The information gathered suggested that:

  • while the existing UCT regime had improved protections for small business in certain industry sectors, it would not deter businesses in all of them from using UCT in their standard form contracts;
  • some aspects of the current regime appeared to have created ambiguity, uncertainty, and practical difficulties for businesses in complying with the law;
  • regulators needed to promote awareness of UCT and to improve the guidance provided to business to support compliance.

As a result, the then Government announced its intention to strengthen the UCT protections.
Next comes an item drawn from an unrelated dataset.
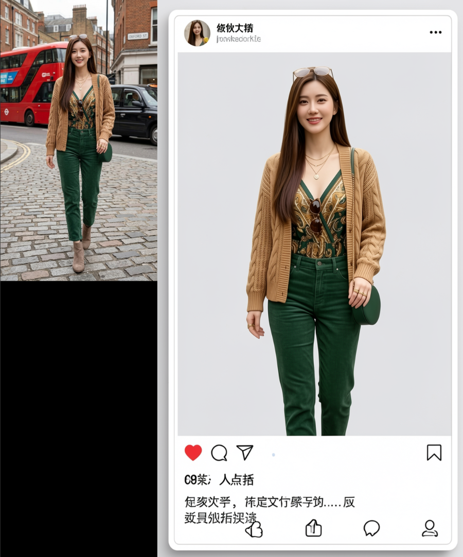 朋友圈风格・3D 弹出写真提示词。写实高清时尚上身照,人物:[角色描述 + 表情],身着:[详细服装]。画面为仿微信朋友圈界面,居中白色卡片框,背景柔和纯色:[背景色]。

The Treasury Laws Amendment (Measures for a later Sitting) Bill 2021 was released as an exposure draft. The Bill sought to amend the ACL and the related Australian Securities and Investments Commission Act 2001 (Cth) to strengthen and clarify the existing unfair contract term provisions in both acts, in order to reduce the prevalence of unfair contract terms in consumer and small business standard form contracts. However, the exposure draft was abandoned, and the reforms worked into the Treasury Laws Amendment (Enhancing Tax Integrity and Supporting Business Investment) Bill 2022. That Bill lapsed with the election.

It was an election commitment of the present Government to strengthen Australia’s competition laws. With commendable alacrity therefore on 28 September the Government introduced, read for a first time and moved a second time its Treasury Laws Amendment (More Competition, Better Prices) Bill 2022 (the Bill). As at 27 October, as uncontroversial legislation, the Bill has passed both houses and awaits Royal Assent. 
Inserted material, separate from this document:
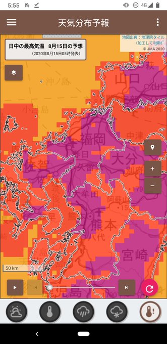 最高気温は久留米市37℃、福岡市・北九州市・飯塚市36℃🥵🥵🥵
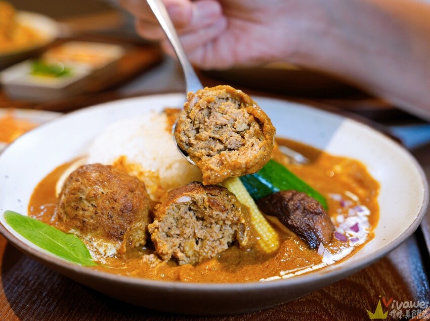 ▲咖哩飯裡面還搭配了玉米筍、櫛瓜、香菇,這醬料給的還蠻多的,大概可以配兩碗飯!而且在茶鳩咖哩內用是可以免費續飯的喔,肯定可以吃飽飽👍

In his 2nd Reading Speech the Assistant Minister to Competition, Charities and Treasury said of Schedule 1 to the Bill 2022 that there was a risk that a breach of the existing competition law could be seen as an acceptable cost of doing business by some large firms.

The Schedule 1 amendments to the Competition and Consumer Act 2010, including the ACL, will increase the maximum penalty applicable to certain breaches of competition and consumer law bringing the severity of Australia's penalty regime into line with international jurisdictions.

By strengthening penalties, the Government maintains, Australia will promote competition and better corporate behaviour .

Chapter 1 of the Explanatory Memorandum pp 3-23 gives a detailed explanation of the new law including that applicable to the ACL. The Explanatory Memorandum is accessible at Treasury Laws Amendment (More Competition, Better Prices) Bill 2022 – Parliament of Australia (aph.gov.au)

Schedule 1 to the Bill will commence the day after Royal Assent. Schedule 2 to the Bill strengthens the existing protections against unfair contract terms in the ACL and the Australian Securities and Investments Commission Act 2001.

The Government maintains the Schedule 2 reforms will better protect consumers and small businesses from unfair terms, by reducing their prevalence in standard form contracts.

This is because consumers and small businesses often lack the resources and bargaining power to effectively review and negotiate terms in standard form contracts they are offered by a larger party.

The existing unfair contract terms protections in the ACL and the Australian Securities and Investments Commission Act 2001 provide that where a court finds a term is unfair, that term is void. The Government maintains that to date this approach has not provided sufficient deterrence against the use of unfair terms in standard form contracts.

The amendments introduce civil penalty provisions prohibiting the use of, and reliance on, unfair terms in standard form contracts. This will enable a regulator to seek a civil penalty from a court.

The existing definition of an unfair term remains unchanged under the Schedule 2 changes which are the subject of detailed explanation on pages 32-.47 of the Explanatory Memorandum.

The amendments in Schedule 2 to the Bill commence on the day after the period of 12 months after the Bill receives Royal Assent. This delay is to enable industry to make any necessary changes prior to commencement.

Conclusion

Small business and medium business are often described as the engine room of the national economy. That justifies this prompt re-introduction and passage of the abandoned reforms.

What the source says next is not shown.